Intlize

What is intlize?

Intlize is a tool to add internationalization to your application.

There are such tools available; why another one?

Most notably, the GNU gettext suite and the catgets suite are used for internationalization. Both have advantages and disadvantages of their own. Intlize intends to combine gettext's and catgets' advantages. It can optionally produce its own straight forward format, optimized for both speed and size.

Gettext

The gettext team assumes that a programmer wants to write code, and not care much about internationalization. As a result, the impact on the source code is minimized. All the programmer has to do is marking which string is translatable. Marking a string is easy, e. g. replace puts("Write something") with puts( _("Write something" ) ). Please refer to the gettext manual for details.

The string encapsulated in _() in the above example serves three purposes:

it is the string that the translator translates
it is used as the default string returned if no translation for this string is found
it provides a handle for finding the translated string

This implies that this string appears in the executable and in every translation file, which is not space economical. The messages are searched by string comparison, which is not the fastest way. On the other hand, out-of-date translations work without modification, only with some untranslated messages.

Gettexts libintl is LGPLed, which may limit its use in non-free programs, or add a dependency in that case.

Conclusion

Gettext is very convenient for both programmer and translator. Speed and size could be improved. The licence may limit its useability in some cases.

Catgets

Marking a string with catgets is something like catgets(catd, 12, 34, "Write something") . This is already clumsy compared to gettext, but things are even worse. The indices - 12 and 34 in the above example - have to be unique throughout the package being internationalized. It is the programmers task to ensure that.

However, it is very well possible to use the catgets interface, and many applications do. Catgets made its way into libc, thus not establishing additional dependencies in C/C++ programs. Looking up two indices may be faster than looking up a string, but this is hard to tell. The translatable string does not serve as a handle to the translated string, so it does not appear in the translation files, reducing their size.

The binary format of the translations that the lookup is performed on is not defined. It may vary from compiler to compiler, even from version to version of the same compiler. Fortunately the generator of those binary files is delivered with the compiler.

Conclusion

Even though the catgets interface is less convenient than gettext, it is part of the standard libraries of the compiler. The translation files tend to be smaller than the ones used by gettext. The format of the binary translations is not defined.

Intlize

When it comes to marking strings, intlize stays as close as possible to gettext. The synthax is actually _("Write something", 0). The numerical value is needed, because intlize uses an index for translation table lookup. A string marked this way is recognized by the gettext tool xgettext.
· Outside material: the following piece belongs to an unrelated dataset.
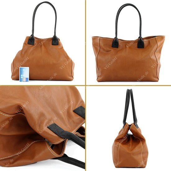 modamoda de - T60 - ital Damen Schultertasche aus Leder Groß

Human readable translation files in intlize are therefore the same as in gettext. This may ease the work for the translator.

The index value is not allways 0, but has to be uniqe for every different string. It is intlizes task to ensure that. When adding a marked string, the programmer allway writes 0, which is an invalid index. Intlize alters this index as needed.

Intlize and catgets

This is an obvious combination. Strings are marked the intlize way, beeing convenient to the programmer. These strings are extracted with xgettext, producing the well known "po-files". Tools to write translations with such file format are widely available, in a large variety. Intlize then produces a catgets catalog from the po-file. This catalog is still in human readable form, since catgets binary format is not defined. This binary format is produced at compile time with the catgets tool gencat.

Intlize native

Intlize can optionally produce output in its own binary format. In this mode, the translatable string does not appear in the application or any binary translation file. Intlize produces an additional translation file with name "C", that does not contain a translation, but the translatable strings. This file is used whenever no suitable translation file is found.

Intlizes binary translation file format has minimal overhead. They are basically an array of C-strings. The index given to the marked strings in the souces are contiguous and can directly map into that array. It is hard to imagine a faster translation string lookup.

Intlize binary format

offset 0	8 byte	string	"intlize\0"	file magic
offset 8	1 byte	char		charcter encoding
offset 9	variable	string		version, zero terminated
	2 byte	string	"?\0"	message # 0
	variable	string		message # 1
	variable	string		message # 2
	variable	string		...
	variable	string		message # n

Character encoding

The character encoding must not be 0.

1	ISO-8859-1
2	ISO-8859-2
...
16	ISO-8859-16
17	KOI8-R
18	KOI8-T
19	KOI8-U
32	UTF-8

Version

An arbitrary zero terminated string to detect whether the versions of the package and the translation file match.